Naar boven ↑

Rechtspraak

Geen eerbied voor de rechter, weigeren deken op kantoor toe te laten

Verweerster heeft sedert 14 november 2014 naar aanleiding van een door het gerechtshof op een pleidooi geweigerde productie en een geweigerd wrakingsverzoek, toch niet ongebruikelijke gebeurtenissen, zich tot de PG bij de HR gewend, een grote aantal bestuurs- en civielrechtelijke procedures gevoerd en tal van klachten ingediend tegen de deken(s) en medewerkers van de Orde van Advocaten. Regelmatig is, vrijwel steeds zonder grond het wrakingsmiddel ingezet. Deze handelwijze is bijzonder disproportioneel. Het einde aan de gedingen is nog niet in zicht. Verweerster heeft zich daarbij niet ontzien om een ieder die haar mening niet volgt (onnodig) grievend, laatdunkend en respectloos te bejegenen. Zij bedient zich daarbij van een ongebreideld aantal juridische stellingen die zeer zwak, zo niet kansloos zijn. Zij beschuldigt rechters (evenals de dekens) in niet-zakelijke bewoordingen van onder meer onrechtmatig handelen, liegen, machtsmisbruik, strafbare handelingen en grove schendingen van ambtshandelingen, zoals misleiding en het nadeel toebrengen aan het in de rechtspraak te stellen vertrouwen, hoewel verweerster toch moet weten dat rechters met partijen niet in debat mogen gaan over de inhoud van uitspraken, zodat zij zich in feite niet kunnen verdedigen. Beslissingen zijn vrijwel steeds bestempeld als non-existent en nietig. Dusdoende geeft verweerster te kennen geen eerbied te hebben voor de rechterlijke autoriteiten en hun uitspraken.
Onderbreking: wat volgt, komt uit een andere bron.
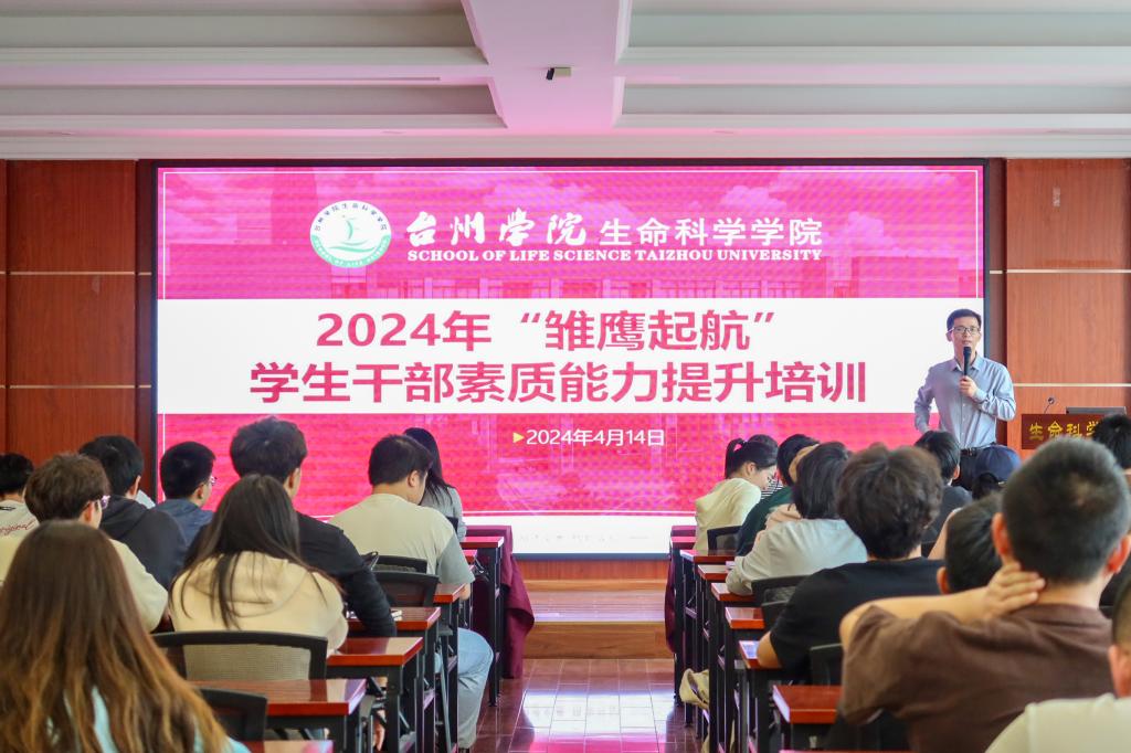 4月14日,生命科学学院举办2024年“雏鹰启航”学生干部素质能力提升培训。生命学院党委书记杨启富、药学院党总支副书记高阳、马克思主义学院办公室主任范淑燕、辅导员程子良分别围绕团队协作、新闻素养、文明礼仪和团体辅导专题,为学院全体学生干部作素质能力提升培训,学院党委副书记翁添富主持活动。

Verweerster verzet zich nu al meer dan anderhalf jaren tegen een kantoorbezoek van de deken zonder dat daartoe steekhoudende grond bestaat. In plaats van de vereiste medewerking te verlenen bedient verweerster zich van (tot heden kansloze) gerechtelijke procedures en klachten tegen de deken. 

De handelwijze van verweerster ondermijnt bovendien het gezag van de dekens en de rechterlijke autoriteiten, tast de reputatie van individuele raadsheren onnodig aan, en belast de rechterlijke instanties nodeloos en op onaanvaardbare wijze. Verweerster heeft in de loop van de tijd niet getoond voor rede vatbaar te zijn. 

Alles overziende komt het hof tot de conclusie dat er geen enkel vertrouwen bestaat – elke aanwijzing daarvoor ontbreekt – dat verweerster zich wel in overeenstemming met het bepaalde in de artikelen 10a (de kernwaarden) en 46 Advocatenwet zal gedragen, in het bijzonder dat zij zich zal gedragen met het vereiste respect en eerbied jegens haar opponenten en de rechters en zoals een behoorlijk advocaat betaamt, dat zij een professionele attitude zal tonen en voldoende distantie tot de onderworpen zaak zal betrachten. 

Evenmin heeft het hof een aanwijzing dat verweerster na deze uitspraak wel loyaal zal meewerken aan het dekenaal kantooronderzoek. Alleen schrapping van het tableau is aangewezen. Voor de advocaat die zich niet wil houden aan het (tuchtrechtelijk) toezicht door de deken, uitgeoefend op gepaste gronden, is geen plaats in de balie. De omstandigheid dat er niet eerder een tuchtrechtelijke maatregel jegens verweerster is genomen en het feit dat verweerster in haar eigen zaak optreedt, doen hier niet aan af.